Culling Stage
The Visibility Buffer can achieve storage with fewer index details, typically involving InstanceID, PrimitiveID, MaterialID, and Depth. As it stores index information, its volume is inherently smaller than that of the G-Buffer. However, it requires maintaining a global set of Vertex Attributes and a Material Map. In the Shading stage, the process involves indexing relevant triangle information from the global Vertex Buffer based on InstanceID and PrimitiveID. Pixel-wise information is then interpolated based on barycentric coordinates. Material information is obtained from MaterialID, and together they enter the lighting calculation process to achieve the final shading.
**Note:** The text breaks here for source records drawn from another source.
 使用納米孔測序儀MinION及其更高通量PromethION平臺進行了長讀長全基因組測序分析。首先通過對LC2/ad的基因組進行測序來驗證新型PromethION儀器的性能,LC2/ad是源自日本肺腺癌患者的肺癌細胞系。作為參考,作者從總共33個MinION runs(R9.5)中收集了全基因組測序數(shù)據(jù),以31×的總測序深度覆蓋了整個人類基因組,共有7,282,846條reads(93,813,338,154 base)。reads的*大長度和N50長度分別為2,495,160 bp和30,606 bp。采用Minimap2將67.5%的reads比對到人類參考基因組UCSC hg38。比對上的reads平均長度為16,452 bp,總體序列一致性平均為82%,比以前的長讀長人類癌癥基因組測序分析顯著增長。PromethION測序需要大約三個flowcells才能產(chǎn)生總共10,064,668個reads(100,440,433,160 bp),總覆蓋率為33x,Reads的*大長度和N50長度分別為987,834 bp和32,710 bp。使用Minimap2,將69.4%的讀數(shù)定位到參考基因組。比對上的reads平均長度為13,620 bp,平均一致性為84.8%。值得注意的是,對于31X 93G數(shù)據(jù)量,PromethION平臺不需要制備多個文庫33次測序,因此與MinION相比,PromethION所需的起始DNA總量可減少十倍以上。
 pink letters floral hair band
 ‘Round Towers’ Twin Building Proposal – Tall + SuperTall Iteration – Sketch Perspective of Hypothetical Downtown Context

This process, to some extent, allows for the separation of geometric and shading calculations, a feat not achievable in traditional Deferred rendering, where G-Buffer serves as the bridge between geometry and shading.
In the Nanite workflow, the format of the Visibility Buffer is R32G32_UNIT, where R’s 0-6 bits store Triangle ID, 7-31 bits store Cluster ID, and G contains 32-bit Depth information. Considering the Deferred architecture of the UE4 era, on the one hand, Nanite currently cannot support all types of rendering, and some meshes still need to be rendered using the traditional rendering pipeline. On the other hand, as mentioned by Karis, a crucial premise of this architectural adjustment is transparency to users. This means that changes in the underlying structure should not impact user-level habits or require relearning the engine, which is crucial. To ensure compatibility between the new and old rendering pipelines, there is an Emit Targets stage to connect Nanite with the traditional deferred rendering approach.
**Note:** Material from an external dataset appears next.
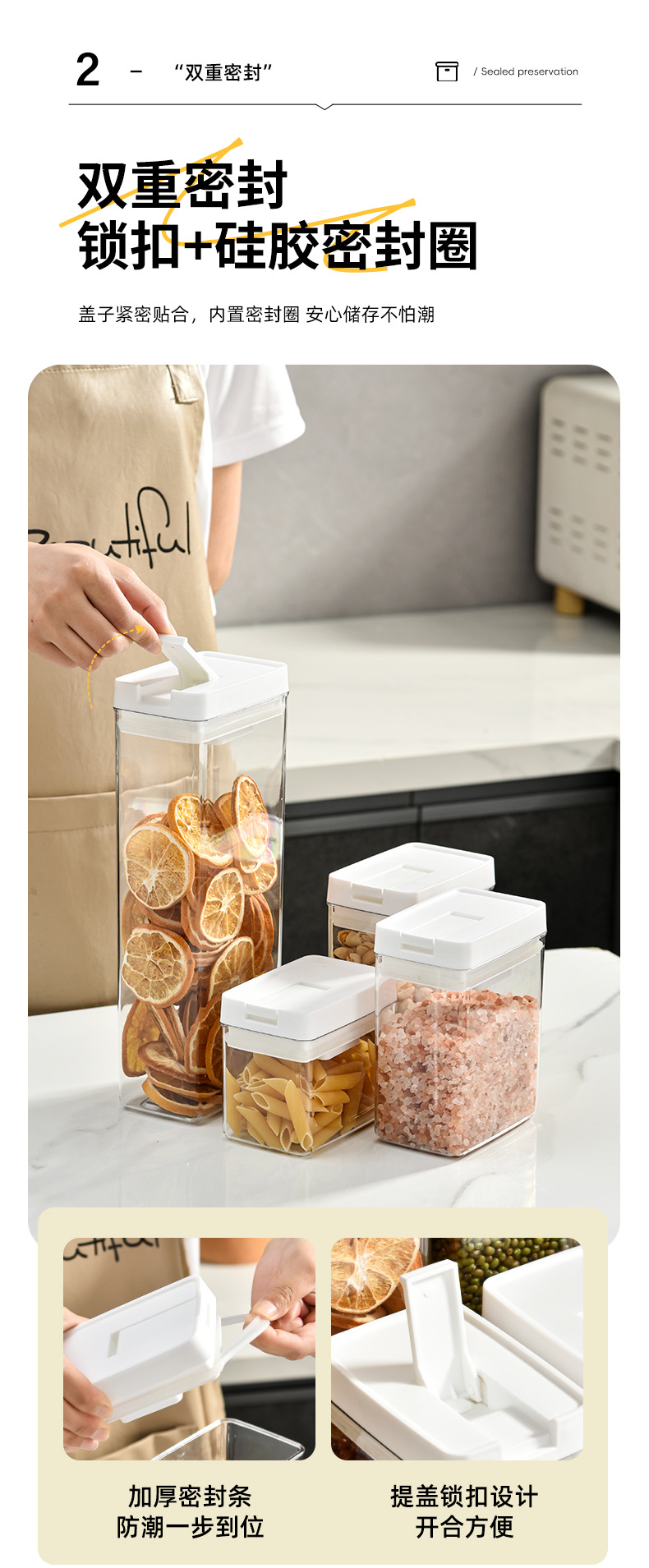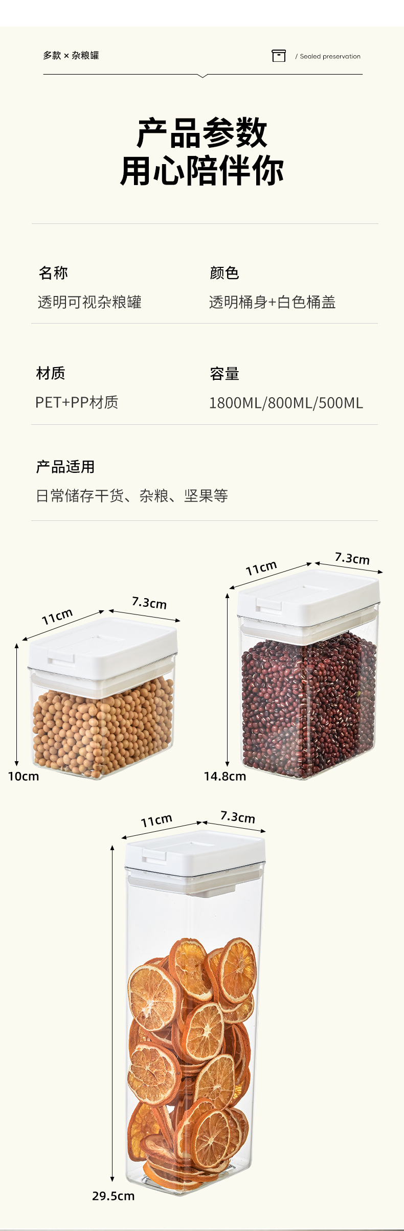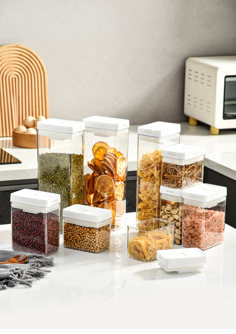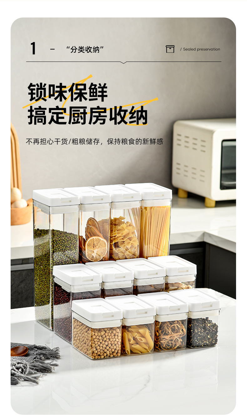 日式加厚方形密封罐五谷杂粮防潮厨房收纳盒透明塑料食品用储物罐

The Emit Targets stage is further divided into EmitDepthTargets and EmitGBuffer phases. Initially, besides the Visibility Buffer, shading requires additional data to blend with hard rasterization data. Nanite employs several full-screen passes to write information outside the Visibility Buffer (such as Velocity, Stencil, Nanite Mask, MaterialID) into a unified buffer, preparing for the subsequent GBuffer reconstruction. Specifically, Emit Scene Depth writes the Depth from the Visibility Buffer into the Scene Depth buffer, Emit Velocity writes into the Velocity Buffer, Emit Scene Stencil writes into the Stencil buffer, and Emit Material Depth writes into the Material ID buffer.
Regarding the MaterialID Buffer, several strategies are employed, depending on the scene’s material complexity. When there are numerous materials, the screen is divided into 64x64 blocks, and the minimum and maximum values of materials in each block are calculated. This calculation is executed by a full-screen Compute Shader, resulting in an image called Material Range. With this image, in the EmitGbuffer phase, a full-screen draw is triggered for each material, where culling is completed in the Vertex Shader (VS) stage. In the Pixel Shader (PS) stage, shading is applied only to corresponding pixels through Depth Compare, thus outputting information such as Albedo into the GBuffer.